Material to process ::
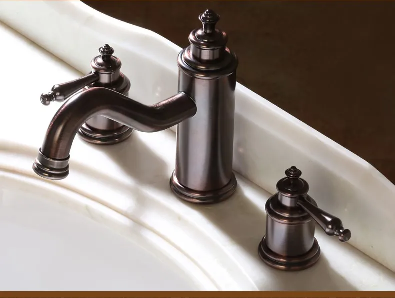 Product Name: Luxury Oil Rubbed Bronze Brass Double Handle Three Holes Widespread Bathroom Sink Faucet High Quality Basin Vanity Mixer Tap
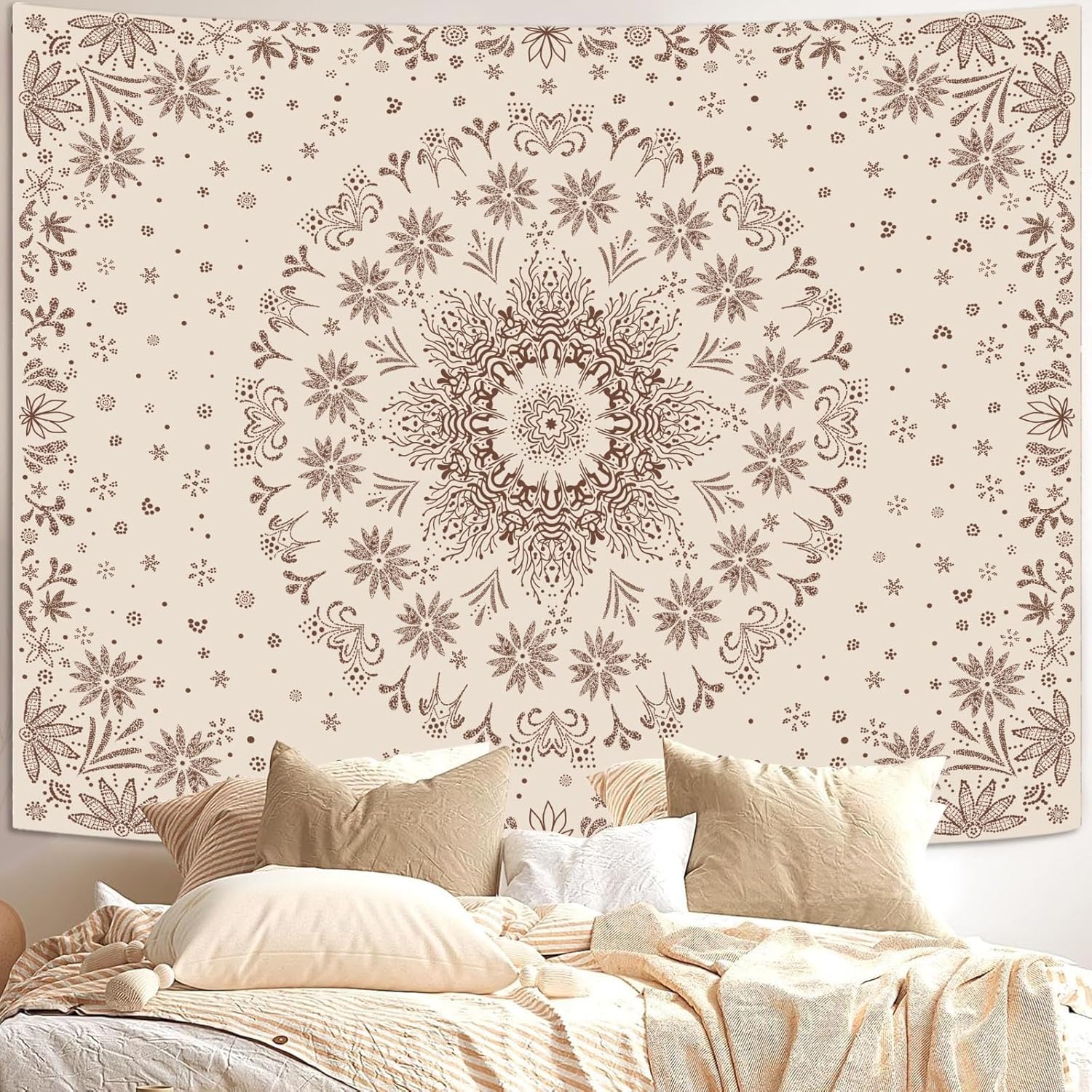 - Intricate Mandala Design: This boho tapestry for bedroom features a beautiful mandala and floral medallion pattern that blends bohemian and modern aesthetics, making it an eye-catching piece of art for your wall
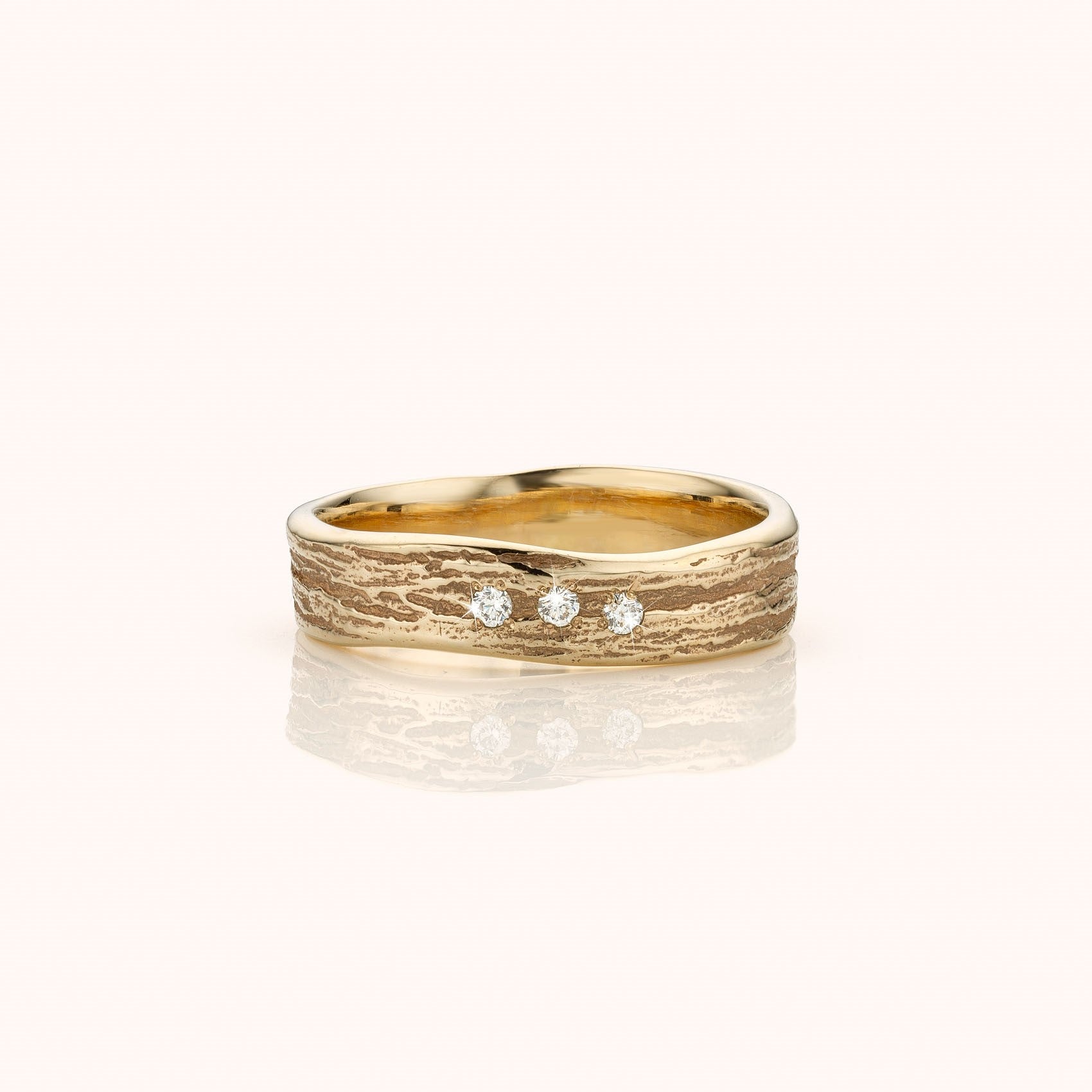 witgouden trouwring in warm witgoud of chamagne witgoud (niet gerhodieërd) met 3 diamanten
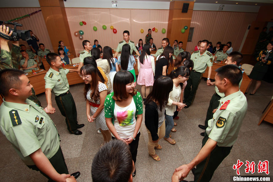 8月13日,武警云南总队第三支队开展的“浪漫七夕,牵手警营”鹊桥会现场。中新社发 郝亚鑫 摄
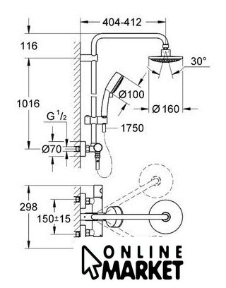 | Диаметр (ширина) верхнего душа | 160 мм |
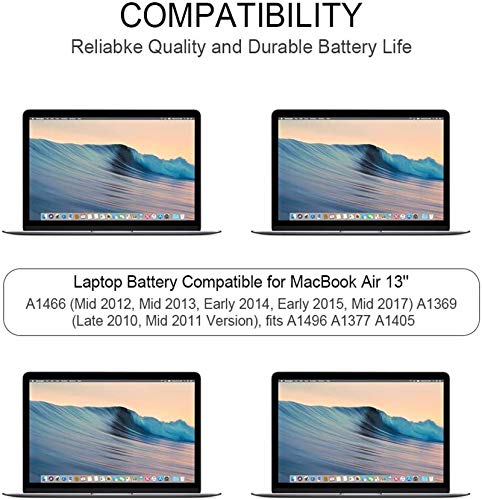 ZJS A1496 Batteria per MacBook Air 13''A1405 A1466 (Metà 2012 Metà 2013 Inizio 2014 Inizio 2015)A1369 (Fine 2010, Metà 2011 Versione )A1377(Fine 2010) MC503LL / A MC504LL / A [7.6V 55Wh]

Your task :: Would you transcribe the listing above line by line, exactly, leaving every picture out?

Written answer ::
 Product Name: Luxury Oil Rubbed Bronze Brass Double Handle Three Holes Widespread Bathroom Sink Faucet High Quality Basin Vanity Mixer Tap
 - Intricate Mandala Design: This boho tapestry for bedroom features a beautiful mandala and floral medallion pattern that blends bohemian and modern aesthetics, making it an eye-catching piece of art for your wall
 witgouden trouwring in warm witgoud of chamagne witgoud (niet gerhodieërd) met 3 diamanten
 8月13日,武警云南总队第三支队开展的“浪漫七夕,牵手警营”鹊桥会现场。中新社发 郝亚鑫 摄
 | Диаметр (ширина) верхнего душа | 160 мм |
 ZJS A1496 Batteria per MacBook Air 13''A1405 A1466 (Metà 2012 Metà 2013 Inizio 2014 Inizio 2015)A1369 (Fine 2010, Metà 2011 Versione )A1377(Fine 2010) MC503LL / A MC504LL / A [7.6V 55Wh]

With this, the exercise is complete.